┌──

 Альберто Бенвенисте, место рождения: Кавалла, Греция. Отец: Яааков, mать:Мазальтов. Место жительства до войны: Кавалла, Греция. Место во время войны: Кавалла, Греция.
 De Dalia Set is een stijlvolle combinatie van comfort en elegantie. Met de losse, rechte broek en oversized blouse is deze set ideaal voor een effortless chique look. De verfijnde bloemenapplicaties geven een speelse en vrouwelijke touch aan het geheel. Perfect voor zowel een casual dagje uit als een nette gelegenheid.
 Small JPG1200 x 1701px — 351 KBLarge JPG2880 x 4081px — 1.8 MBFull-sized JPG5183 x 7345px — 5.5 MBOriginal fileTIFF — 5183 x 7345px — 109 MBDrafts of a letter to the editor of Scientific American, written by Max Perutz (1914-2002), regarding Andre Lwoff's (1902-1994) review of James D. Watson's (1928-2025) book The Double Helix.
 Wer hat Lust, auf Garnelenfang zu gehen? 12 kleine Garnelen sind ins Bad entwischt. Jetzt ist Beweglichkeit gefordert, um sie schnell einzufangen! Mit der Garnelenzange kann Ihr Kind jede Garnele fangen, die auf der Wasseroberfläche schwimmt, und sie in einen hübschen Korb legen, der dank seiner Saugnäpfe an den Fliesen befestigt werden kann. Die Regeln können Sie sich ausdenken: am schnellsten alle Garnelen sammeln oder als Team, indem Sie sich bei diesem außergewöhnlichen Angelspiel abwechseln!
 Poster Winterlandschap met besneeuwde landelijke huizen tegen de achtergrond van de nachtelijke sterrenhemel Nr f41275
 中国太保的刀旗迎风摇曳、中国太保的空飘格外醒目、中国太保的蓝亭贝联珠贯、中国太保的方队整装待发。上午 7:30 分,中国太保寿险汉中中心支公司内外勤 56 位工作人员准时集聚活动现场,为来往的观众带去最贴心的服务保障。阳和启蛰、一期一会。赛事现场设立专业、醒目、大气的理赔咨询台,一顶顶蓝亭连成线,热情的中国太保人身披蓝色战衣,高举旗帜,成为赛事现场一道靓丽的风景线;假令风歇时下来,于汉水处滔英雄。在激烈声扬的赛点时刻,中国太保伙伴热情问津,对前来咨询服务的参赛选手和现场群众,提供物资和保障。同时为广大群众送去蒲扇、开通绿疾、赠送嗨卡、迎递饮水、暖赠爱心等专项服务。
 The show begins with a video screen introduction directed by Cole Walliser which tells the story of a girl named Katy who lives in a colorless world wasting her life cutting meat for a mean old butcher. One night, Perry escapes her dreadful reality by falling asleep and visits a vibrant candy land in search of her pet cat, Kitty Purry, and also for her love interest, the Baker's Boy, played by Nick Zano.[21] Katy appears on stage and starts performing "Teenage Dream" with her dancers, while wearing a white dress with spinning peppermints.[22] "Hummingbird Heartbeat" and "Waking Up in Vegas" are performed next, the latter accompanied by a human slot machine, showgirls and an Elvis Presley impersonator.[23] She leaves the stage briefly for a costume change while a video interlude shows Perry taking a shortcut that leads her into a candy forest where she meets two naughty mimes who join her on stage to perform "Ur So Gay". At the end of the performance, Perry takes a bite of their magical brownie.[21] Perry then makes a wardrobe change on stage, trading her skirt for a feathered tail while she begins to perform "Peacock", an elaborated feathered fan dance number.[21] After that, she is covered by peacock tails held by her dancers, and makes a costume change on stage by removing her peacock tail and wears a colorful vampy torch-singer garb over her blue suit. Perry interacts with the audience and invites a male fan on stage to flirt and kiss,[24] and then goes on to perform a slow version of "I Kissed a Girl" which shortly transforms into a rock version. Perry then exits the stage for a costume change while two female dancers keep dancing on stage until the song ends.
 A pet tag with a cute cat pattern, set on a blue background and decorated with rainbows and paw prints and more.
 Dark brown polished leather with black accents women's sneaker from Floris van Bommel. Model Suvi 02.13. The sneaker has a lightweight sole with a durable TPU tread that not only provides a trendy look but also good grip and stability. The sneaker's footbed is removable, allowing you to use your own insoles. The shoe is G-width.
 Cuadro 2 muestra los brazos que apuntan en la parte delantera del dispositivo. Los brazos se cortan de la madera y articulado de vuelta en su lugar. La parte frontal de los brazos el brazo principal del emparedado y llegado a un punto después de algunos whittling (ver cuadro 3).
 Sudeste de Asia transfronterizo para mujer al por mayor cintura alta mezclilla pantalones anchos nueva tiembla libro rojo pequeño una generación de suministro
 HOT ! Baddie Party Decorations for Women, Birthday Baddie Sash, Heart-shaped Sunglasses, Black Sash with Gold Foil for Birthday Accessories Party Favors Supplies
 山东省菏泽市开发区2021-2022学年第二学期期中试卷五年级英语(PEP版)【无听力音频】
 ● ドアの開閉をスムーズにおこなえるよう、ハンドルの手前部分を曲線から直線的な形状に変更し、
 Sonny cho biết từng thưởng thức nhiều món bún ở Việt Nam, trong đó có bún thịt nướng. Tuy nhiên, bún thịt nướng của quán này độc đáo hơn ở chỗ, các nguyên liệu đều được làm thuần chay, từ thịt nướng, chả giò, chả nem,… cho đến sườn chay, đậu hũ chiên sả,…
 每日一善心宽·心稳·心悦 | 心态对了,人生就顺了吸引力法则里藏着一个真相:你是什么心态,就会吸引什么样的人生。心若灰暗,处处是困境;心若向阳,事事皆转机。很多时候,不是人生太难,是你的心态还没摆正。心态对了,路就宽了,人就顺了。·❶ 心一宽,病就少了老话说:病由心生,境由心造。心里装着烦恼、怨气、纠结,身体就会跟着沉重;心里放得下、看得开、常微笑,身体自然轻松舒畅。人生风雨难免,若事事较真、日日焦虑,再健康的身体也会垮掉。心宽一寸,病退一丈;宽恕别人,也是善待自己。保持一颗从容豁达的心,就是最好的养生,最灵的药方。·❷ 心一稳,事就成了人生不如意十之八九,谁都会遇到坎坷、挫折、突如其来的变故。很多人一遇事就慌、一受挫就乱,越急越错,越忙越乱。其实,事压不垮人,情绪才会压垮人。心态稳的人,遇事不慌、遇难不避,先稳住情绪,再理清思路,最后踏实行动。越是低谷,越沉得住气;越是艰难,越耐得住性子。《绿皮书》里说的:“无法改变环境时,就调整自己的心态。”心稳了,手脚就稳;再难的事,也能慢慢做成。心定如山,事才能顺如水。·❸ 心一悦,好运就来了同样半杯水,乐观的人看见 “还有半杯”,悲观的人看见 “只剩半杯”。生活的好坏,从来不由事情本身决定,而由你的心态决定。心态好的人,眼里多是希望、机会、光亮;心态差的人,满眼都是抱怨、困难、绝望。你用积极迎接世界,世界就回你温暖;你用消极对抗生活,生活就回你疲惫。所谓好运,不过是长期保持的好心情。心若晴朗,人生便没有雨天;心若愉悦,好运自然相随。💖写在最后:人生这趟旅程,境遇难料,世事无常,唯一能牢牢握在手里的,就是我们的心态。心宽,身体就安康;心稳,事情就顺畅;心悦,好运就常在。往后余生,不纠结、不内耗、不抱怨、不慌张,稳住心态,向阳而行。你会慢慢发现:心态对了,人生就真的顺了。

└──

[What needs to be done]: Please write out, exactly as they appear, only the lines from the one holding "Sudeste de Asia" through the end of the data.

[Response box]:
 Sudeste de Asia transfronterizo para mujer al por mayor cintura alta mezclilla pantalones anchos nueva tiembla libro rojo pequeño una generación de suministro
 HOT ! Baddie Party Decorations for Women, Birthday Baddie Sash, Heart-shaped Sunglasses, Black Sash with Gold Foil for Birthday Accessories Party Favors Supplies
 山东省菏泽市开发区2021-2022学年第二学期期中试卷五年级英语(PEP版)【无听力音频】
 ● ドアの開閉をスムーズにおこなえるよう、ハンドルの手前部分を曲線から直線的な形状に変更し、
 Sonny cho biết từng thưởng thức nhiều món bún ở Việt Nam, trong đó có bún thịt nướng. Tuy nhiên, bún thịt nướng của quán này độc đáo hơn ở chỗ, các nguyên liệu đều được làm thuần chay, từ thịt nướng, chả giò, chả nem,… cho đến sườn chay, đậu hũ chiên sả,…
 每日一善心宽·心稳·心悦 | 心态对了,人生就顺了吸引力法则里藏着一个真相:你是什么心态,就会吸引什么样的人生。心若灰暗,处处是困境;心若向阳,事事皆转机。很多时候,不是人生太难,是你的心态还没摆正。心态对了,路就宽了,人就顺了。·❶ 心一宽,病就少了老话说:病由心生,境由心造。心里装着烦恼、怨气、纠结,身体就会跟着沉重;心里放得下、看得开、常微笑,身体自然轻松舒畅。人生风雨难免,若事事较真、日日焦虑,再健康的身体也会垮掉。心宽一寸,病退一丈;宽恕别人,也是善待自己。保持一颗从容豁达的心,就是最好的养生,最灵的药方。·❷ 心一稳,事就成了人生不如意十之八九,谁都会遇到坎坷、挫折、突如其来的变故。很多人一遇事就慌、一受挫就乱,越急越错,越忙越乱。其实,事压不垮人,情绪才会压垮人。心态稳的人,遇事不慌、遇难不避,先稳住情绪,再理清思路,最后踏实行动。越是低谷,越沉得住气;越是艰难,越耐得住性子。《绿皮书》里说的:“无法改变环境时,就调整自己的心态。”心稳了,手脚就稳;再难的事,也能慢慢做成。心定如山,事才能顺如水。·❸ 心一悦,好运就来了同样半杯水,乐观的人看见 “还有半杯”,悲观的人看见 “只剩半杯”。生活的好坏,从来不由事情本身决定,而由你的心态决定。心态好的人,眼里多是希望、机会、光亮;心态差的人,满眼都是抱怨、困难、绝望。你用积极迎接世界,世界就回你温暖;你用消极对抗生活,生活就回你疲惫。所谓好运,不过是长期保持的好心情。心若晴朗,人生便没有雨天;心若愉悦,好运自然相随。💖写在最后:人生这趟旅程,境遇难料,世事无常,唯一能牢牢握在手里的,就是我们的心态。心宽,身体就安康;心稳,事情就顺畅;心悦,好运就常在。往后余生,不纠结、不内耗、不抱怨、不慌张,稳住心态,向阳而行。你会慢慢发现:心态对了,人生就真的顺了。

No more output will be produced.